**** Provided data

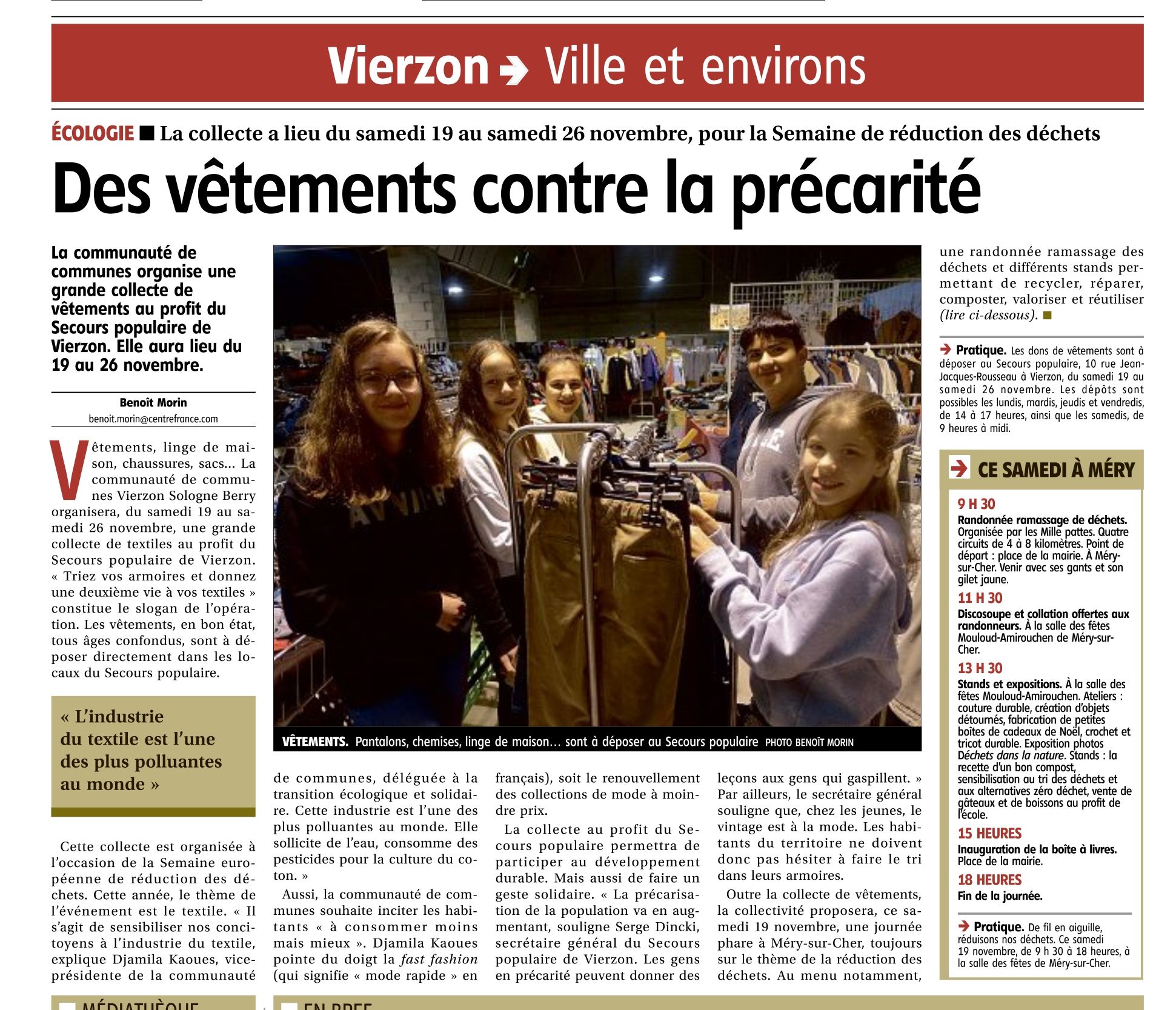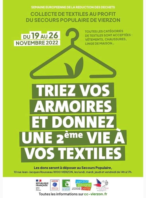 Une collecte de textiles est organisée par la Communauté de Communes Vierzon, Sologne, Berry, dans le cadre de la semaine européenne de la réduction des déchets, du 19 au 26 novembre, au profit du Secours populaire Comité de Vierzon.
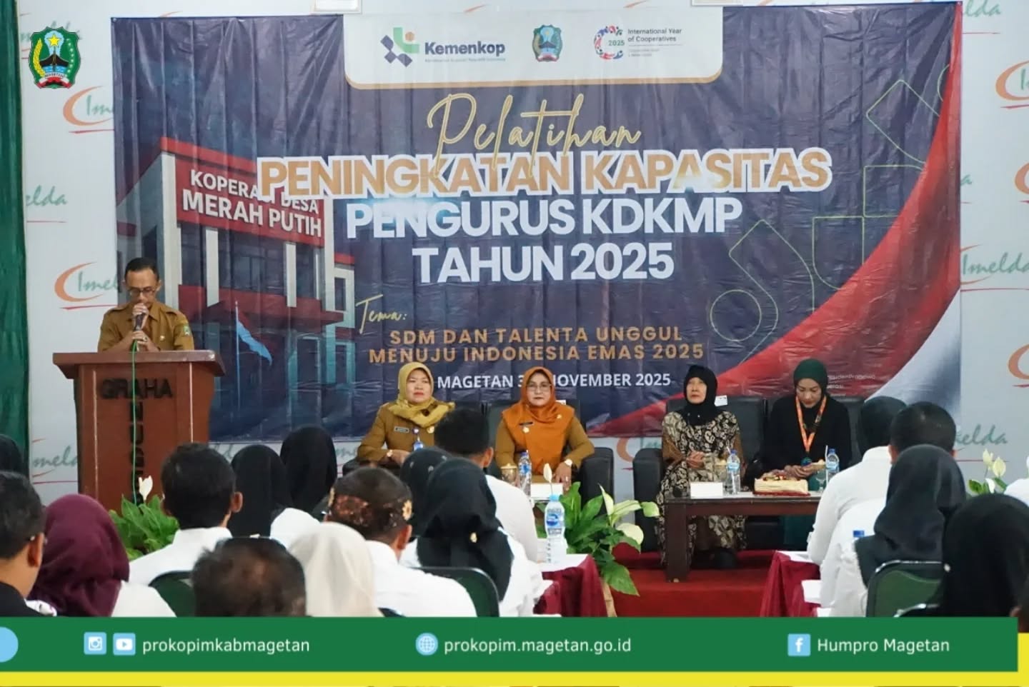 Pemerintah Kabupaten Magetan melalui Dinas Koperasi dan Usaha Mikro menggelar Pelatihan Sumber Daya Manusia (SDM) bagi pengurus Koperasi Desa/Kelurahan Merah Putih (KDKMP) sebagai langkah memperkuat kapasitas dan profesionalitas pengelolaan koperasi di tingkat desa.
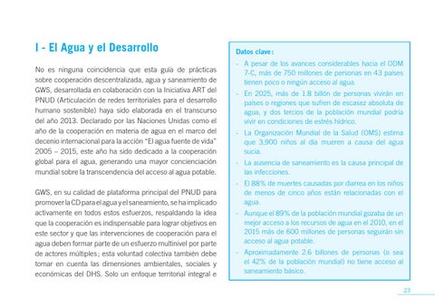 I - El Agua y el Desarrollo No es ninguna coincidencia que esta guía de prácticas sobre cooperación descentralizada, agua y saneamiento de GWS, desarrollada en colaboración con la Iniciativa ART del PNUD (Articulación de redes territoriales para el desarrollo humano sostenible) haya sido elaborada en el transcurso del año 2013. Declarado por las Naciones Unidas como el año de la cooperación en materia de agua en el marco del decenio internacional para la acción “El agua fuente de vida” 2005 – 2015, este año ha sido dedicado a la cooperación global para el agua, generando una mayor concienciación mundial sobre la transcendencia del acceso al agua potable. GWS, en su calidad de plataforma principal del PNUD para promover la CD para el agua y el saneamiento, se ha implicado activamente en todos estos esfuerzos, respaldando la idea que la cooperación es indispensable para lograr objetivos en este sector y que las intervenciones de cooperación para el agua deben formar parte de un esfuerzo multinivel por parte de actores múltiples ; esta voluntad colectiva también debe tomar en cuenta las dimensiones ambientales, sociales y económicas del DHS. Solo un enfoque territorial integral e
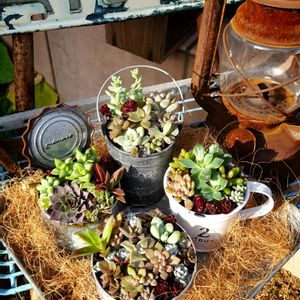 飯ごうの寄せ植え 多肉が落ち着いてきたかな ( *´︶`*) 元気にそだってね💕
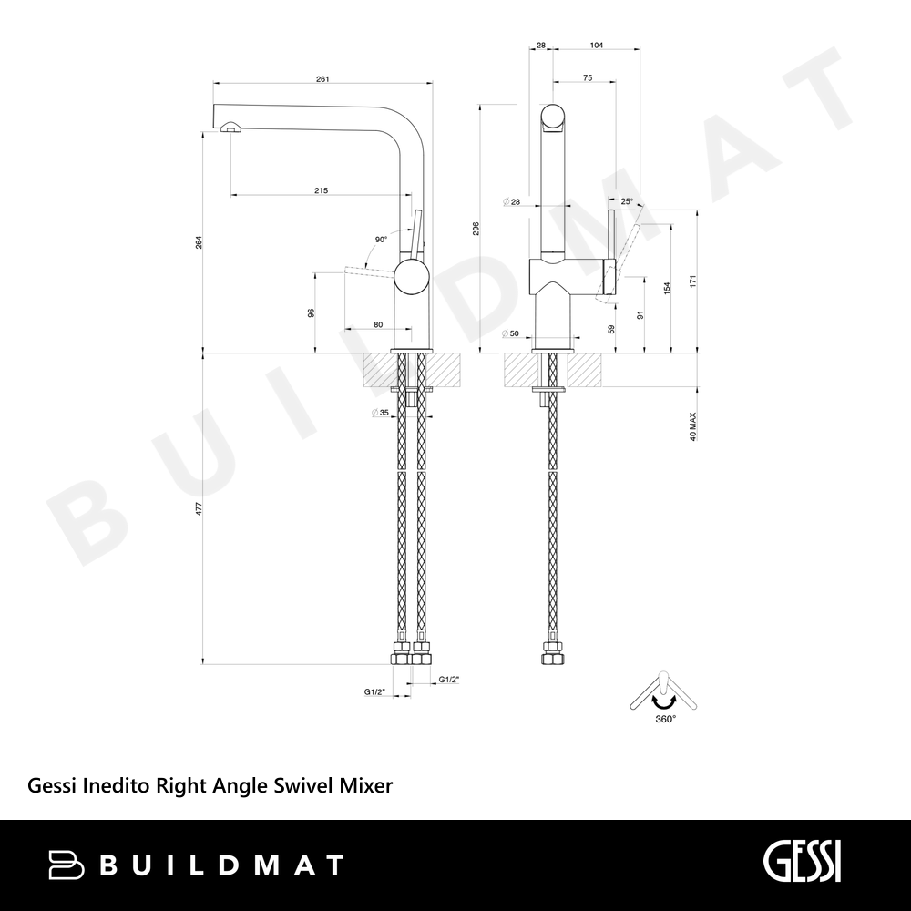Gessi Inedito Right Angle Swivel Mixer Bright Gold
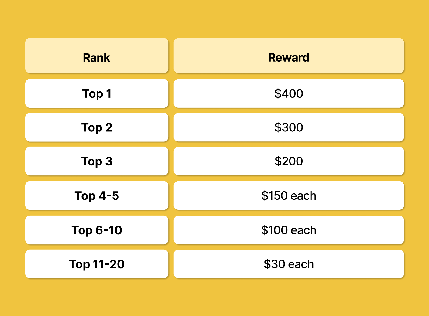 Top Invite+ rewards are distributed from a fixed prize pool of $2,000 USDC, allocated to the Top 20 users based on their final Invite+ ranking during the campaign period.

********

Your task is to repeat the opening line of the entries above and each line after it, ending with the line that has "Pemerintah Kabupaten Magetan". Do not include the pictures.

▶ **Your response**:
 Une collecte de textiles est organisée par la Communauté de Communes Vierzon, Sologne, Berry, dans le cadre de la semaine européenne de la réduction des déchets, du 19 au 26 novembre, au profit du Secours populaire Comité de Vierzon.
 Pemerintah Kabupaten Magetan melalui Dinas Koperasi dan Usaha Mikro menggelar Pelatihan Sumber Daya Manusia (SDM) bagi pengurus Koperasi Desa/Kelurahan Merah Putih (KDKMP) sebagai langkah memperkuat kapasitas dan profesionalitas pengelolaan koperasi di tingkat desa.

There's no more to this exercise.